### [Work order]
When you output the records, match them exactly and omit any picture they include.

### [Records shown]
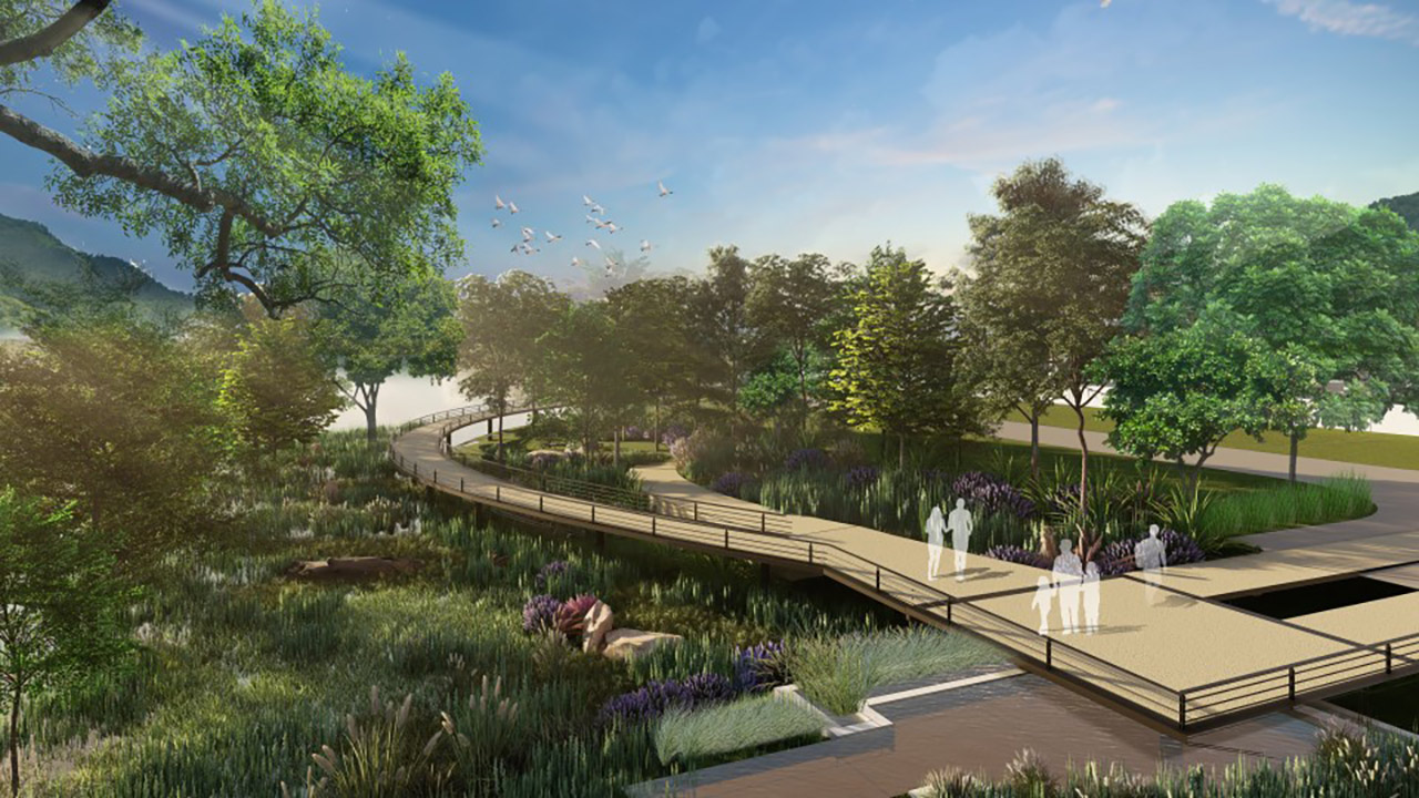 The site runs parallel to an active seasonal stream, providing riverine edge treatments and sponge landscapes along its banks, best experienced through a non- intrusive boardwalk. This approach aims to invigorate the mind, body, and spirit while promoting harmony with nature and enriching the overall environment.
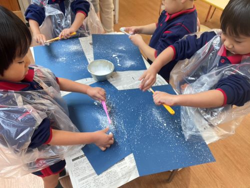 楓組さんは、クリスマス製作をしました🎄ブラッシング技法で「シュッシュ」と、雪を再現しました❄
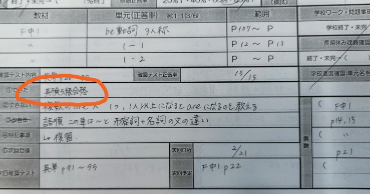 英検5級合格!おめでとうございます!
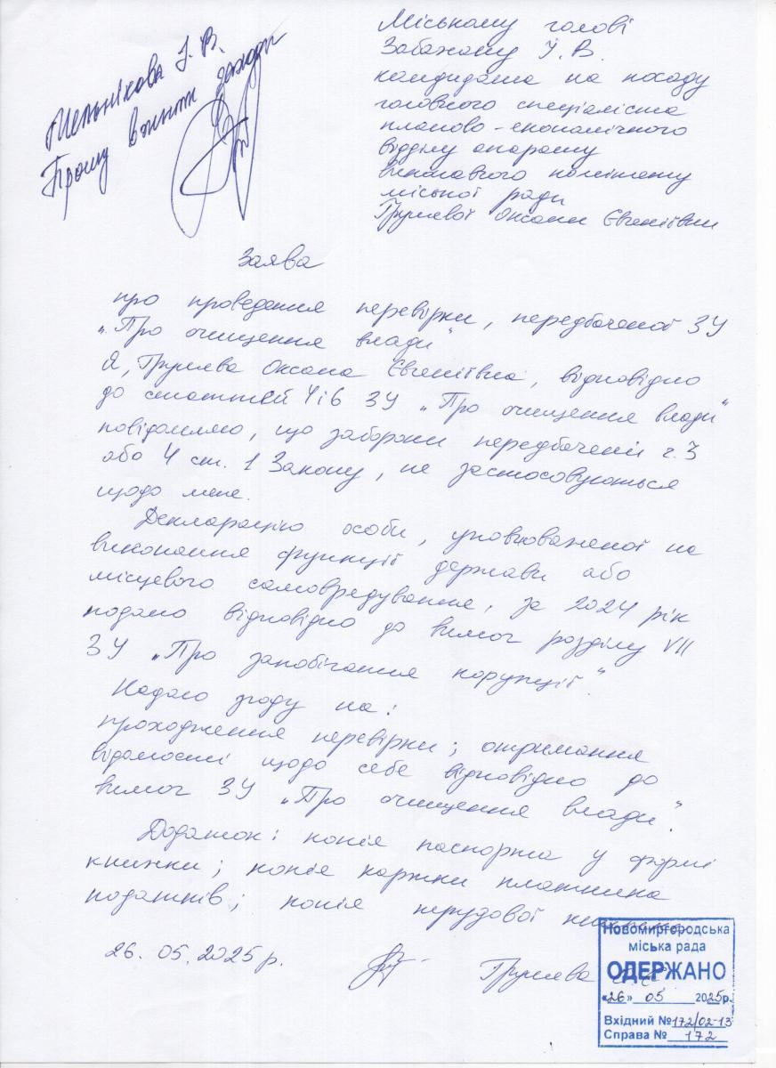 ГРУШЕВА О.Є. - головний спеціаліст планово-економічного відділу апарату виконавчого комітету міської ради
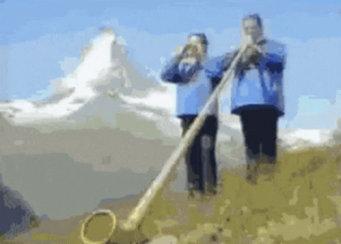 Erika Ricola playing an alphorn in the Alps with a majestic mountain backdrop.

### [Answer to the problem]
 The site runs parallel to an active seasonal stream, providing riverine edge treatments and sponge landscapes along its banks, best experienced through a non- intrusive boardwalk. This approach aims to invigorate the mind, body, and spirit while promoting harmony with nature and enriching the overall environment.
 楓組さんは、クリスマス製作をしました🎄ブラッシング技法で「シュッシュ」と、雪を再現しました❄
 英検5級合格!おめでとうございます!
 ГРУШЕВА О.Є. - головний спеціаліст планово-економічного відділу апарату виконавчого комітету міської ради
 Erika Ricola playing an alphorn in the Alps with a majestic mountain backdrop.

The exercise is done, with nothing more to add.